[Data extracted from a collection]
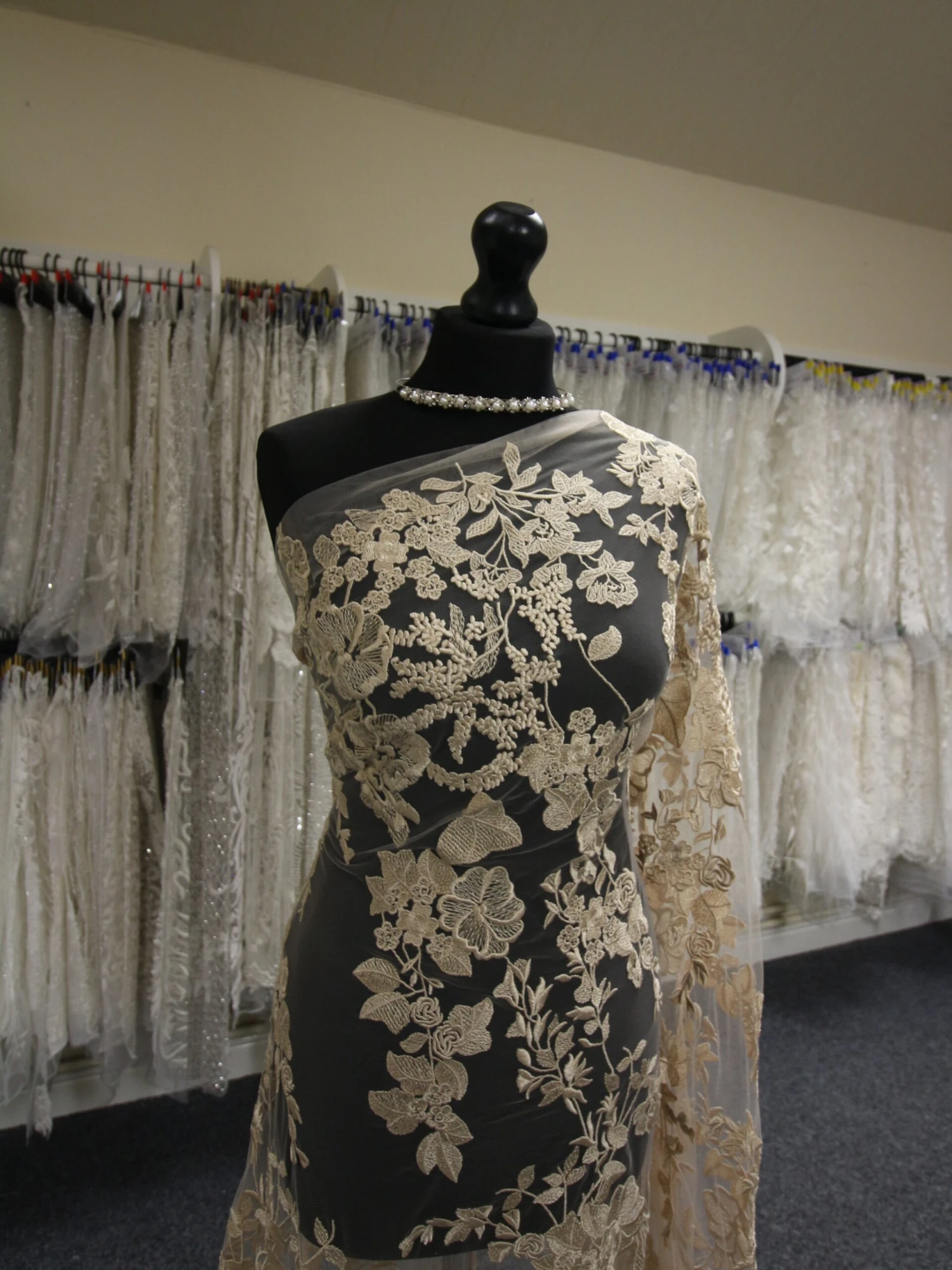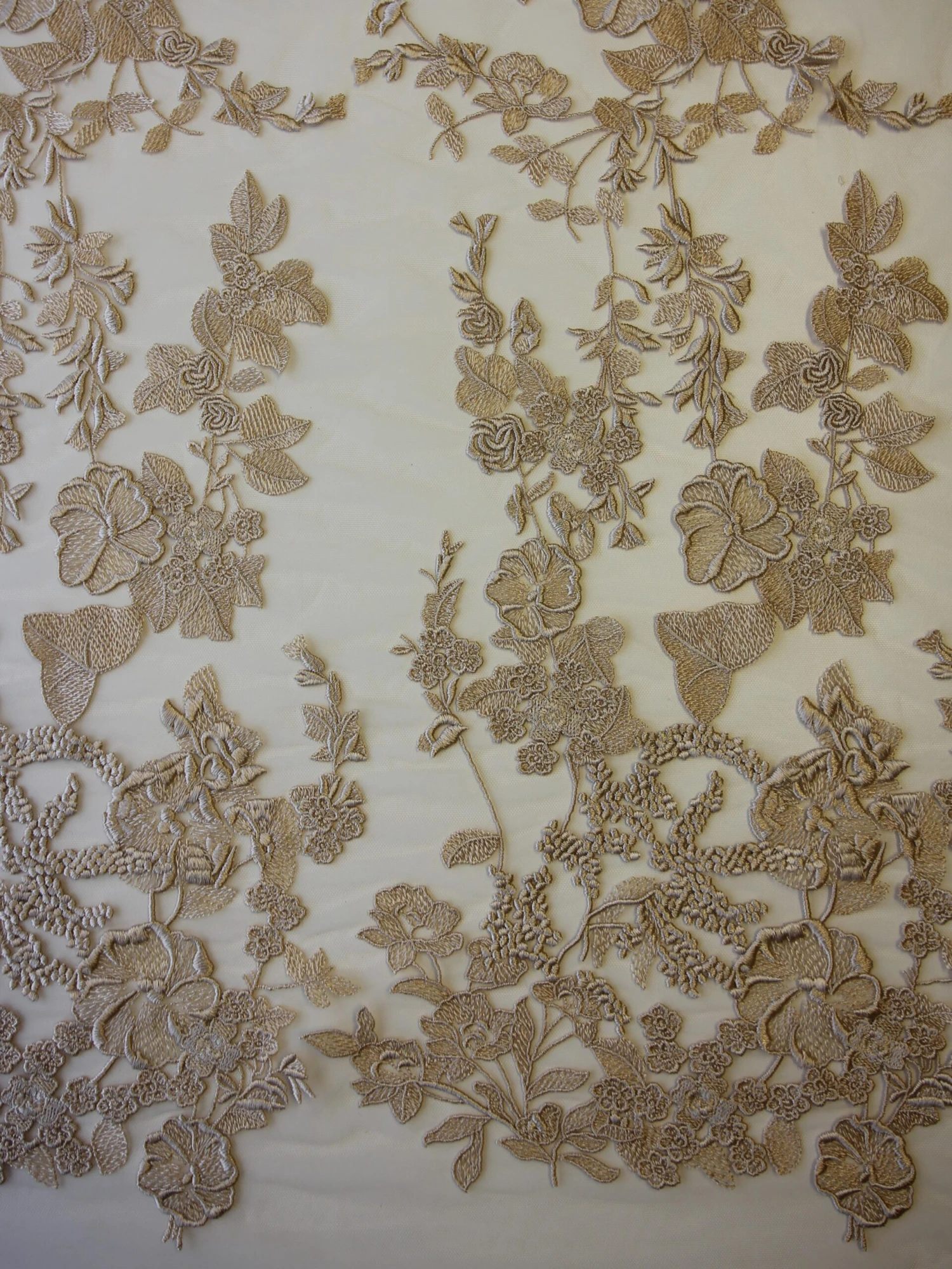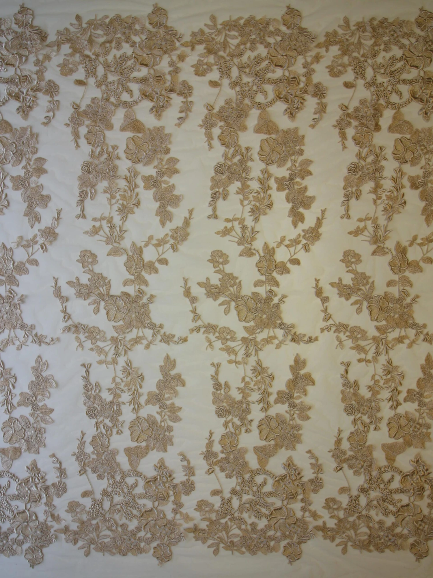 A classic champagne embroidery lace that is the same base as Meghan lace but without the 3D flowers, this design is also available in a range of other shades. Both sides of the pattern match one another. This measures 132cm (52″) and is a truly spectacular lace.
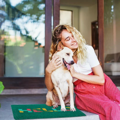 Amusez vosamis dès la porte d’entrĂ©e grâce Ă ce paillasson en coco. L’inscription chic »Hello » convainc dans toutes les entrĂ©es. Grâce Ă sa structure solideen fibre de coco et son dessous en PVC antidĂ©rapant, ce paillasson convientĂ©galement pour l’extĂ©rieur, sur le balcon ou dans le jardin. ProtĂ©gez votreappartement de la saletĂ© avec ce paillasson pratique. Grâce aux fibresnaturelles, ce tapis d’extĂ©rieur chic est aussi robuste et durable.
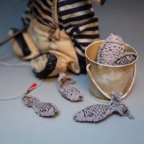 その他:ボーダーTシャツ・コットンパンツ・バケツ・釣竿・魚
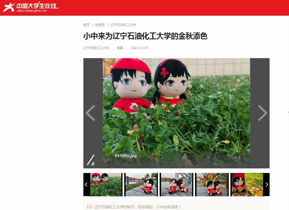 編者按:近日,教育部中國大學生在線網站以《小中來為遼寧石油化工大學的金秋添色》為題,對我校的校園秋色以圖集形式進行了宣傳報道。現將相關報道轉載如下:
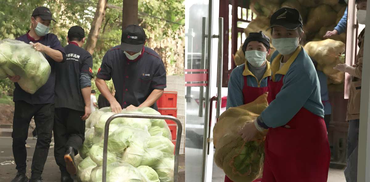 27日早上5点,当地村民早早就去到地里收割包菜和白菜装车。桥头坝农业合作社总经理向学明说:“村民们都很积极,想着能出点力,让大学里的老师和学生们吃上自己种的新鲜蔬菜,早日战胜疫情。” 红鑫农业合作社总经理李晓红表示,只要学校需要,他们还会继续输送支援蔬菜。
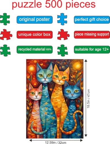 Generic - بازل 500 قطعة ثلاث قطط من بلاك هورس بازل موديل Dz263
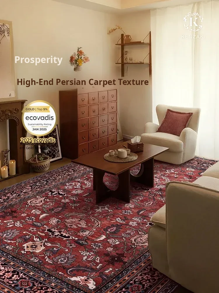 2025 New Vintage French Style Red Carpet for Living Room & Bedroom - Luxurious Soundproof Area Rug for Sofa & Villa Décor
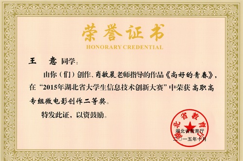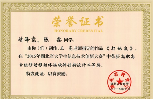 10月27日,2015年湖北省大学生信息技术创新大赛评选结果揭晓,beat365选送的作品获二等奖2项、三等奖2项。其中,物流学院学生王意创作、肖敏晨老师指导的微电影《尚好的青春》,信息技术学院学生靖泽宽、陈鑫设计、王亮老师指导的移动终端软件创新设计作品《打地鼠》分别荣获二等奖;汽车学院学生朱诗磊创作、周宇恒老师指导的FLASH动画短片《新春》,护理学院学生李飞飞、蒋玲珑创作、李弘华老师指导的微电影《在路上》分别荣获三等奖。
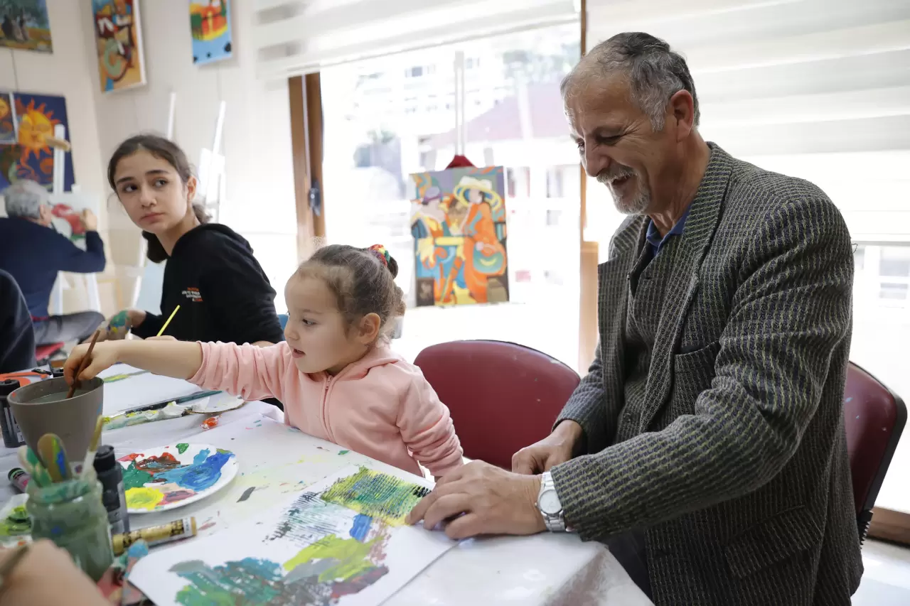 Konak Belediyesi, İleri Yaş Sağlıklı Yaşam Merkezi kursiyerleriyle torunları için sanat etkinliği düzenledi. Sosyal belediyecilik anlayışıyla hizmet veren belediye, 55 yaş üzeri vatandaşların sosyal yaşamda kalmasını sağlıyor.
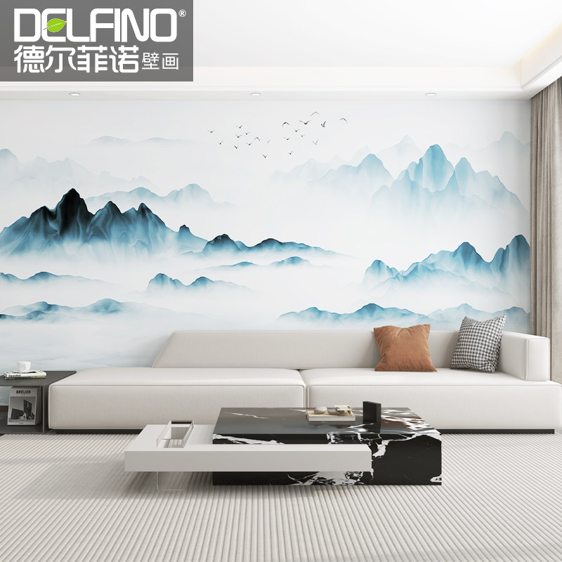 新中式山水无缝墙布卧室r客厅沙发电视背景墙壁布现代简约定制壁
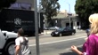 BEVERLY HILLS, CALIFORNIA - JULY 16: Dave Weintraub and Mary Carey walk along Robertson Boulevard on July 16, 2008 in Beverly Hills, California. (Footage by London Entertainment/GC Video)
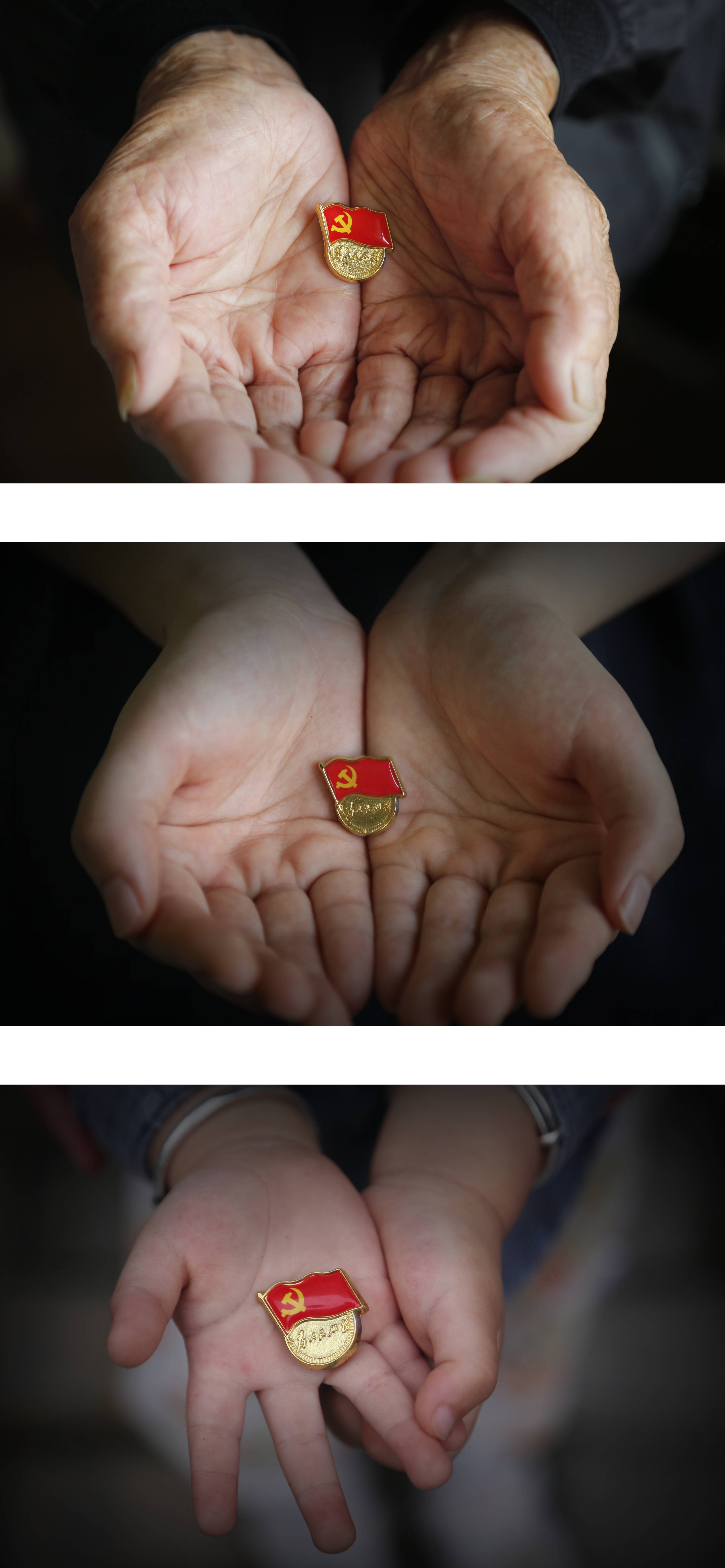 《傳承》-安糧期貨-郝曉巍,2021年6月攝于合肥。作品以“傳承”為立意,通過(guò)老青幼三代人手捧黨徽的畫(huà)面,表達(dá)了長(zhǎng)輩對(duì)晚輩的期望與寄語(yǔ),繼承光榮傳統(tǒng),弘揚(yáng)革命精神,傳承紅色基因。

**EXERCISE OBJECTIVE**. For this exercise, transcribe the data exactly but without its pictures.

**FINAL ANSWER**.
 A classic champagne embroidery lace that is the same base as Meghan lace but without the 3D flowers, this design is also available in a range of other shades. Both sides of the pattern match one another. This measures 132cm (52″) and is a truly spectacular lace.
 Amusez vosamis dès la porte d’entrĂ©e grâce Ă ce paillasson en coco. L’inscription chic »Hello » convainc dans toutes les entrĂ©es. Grâce Ă sa structure solideen fibre de coco et son dessous en PVC antidĂ©rapant, ce paillasson convientĂ©galement pour l’extĂ©rieur, sur le balcon ou dans le jardin. ProtĂ©gez votreappartement de la saletĂ© avec ce paillasson pratique. Grâce aux fibresnaturelles, ce tapis d’extĂ©rieur chic est aussi robuste et durable.
 その他:ボーダーTシャツ・コットンパンツ・バケツ・釣竿・魚
 編者按:近日,教育部中國大學生在線網站以《小中來為遼寧石油化工大學的金秋添色》為題,對我校的校園秋色以圖集形式進行了宣傳報道。現將相關報道轉載如下:
 27日早上5点,当地村民早早就去到地里收割包菜和白菜装车。桥头坝农业合作社总经理向学明说:“村民们都很积极,想着能出点力,让大学里的老师和学生们吃上自己种的新鲜蔬菜,早日战胜疫情。” 红鑫农业合作社总经理李晓红表示,只要学校需要,他们还会继续输送支援蔬菜。
 Generic - بازل 500 قطعة ثلاث قطط من بلاك هورس بازل موديل Dz263
 2025 New Vintage French Style Red Carpet for Living Room & Bedroom - Luxurious Soundproof Area Rug for Sofa & Villa Décor
 10月27日,2015年湖北省大学生信息技术创新大赛评选结果揭晓,beat365选送的作品获二等奖2项、三等奖2项。其中,物流学院学生王意创作、肖敏晨老师指导的微电影《尚好的青春》,信息技术学院学生靖泽宽、陈鑫设计、王亮老师指导的移动终端软件创新设计作品《打地鼠》分别荣获二等奖;汽车学院学生朱诗磊创作、周宇恒老师指导的FLASH动画短片《新春》,护理学院学生李飞飞、蒋玲珑创作、李弘华老师指导的微电影《在路上》分别荣获三等奖。
 Konak Belediyesi, İleri Yaş Sağlıklı Yaşam Merkezi kursiyerleriyle torunları için sanat etkinliği düzenledi. Sosyal belediyecilik anlayışıyla hizmet veren belediye, 55 yaş üzeri vatandaşların sosyal yaşamda kalmasını sağlıyor.
 新中式山水无缝墙布卧室r客厅沙发电视背景墙壁布现代简约定制壁
 BEVERLY HILLS, CALIFORNIA - JULY 16: Dave Weintraub and Mary Carey walk along Robertson Boulevard on July 16, 2008 in Beverly Hills, California. (Footage by London Entertainment/GC Video)
 《傳承》-安糧期貨-郝曉巍,2021年6月攝于合肥。作品以“傳承”為立意,通過(guò)老青幼三代人手捧黨徽的畫(huà)面,表達(dá)了長(zhǎng)輩對(duì)晚輩的期望與寄語(yǔ),繼承光榮傳統(tǒng),弘揚(yáng)革命精神,傳承紅色基因。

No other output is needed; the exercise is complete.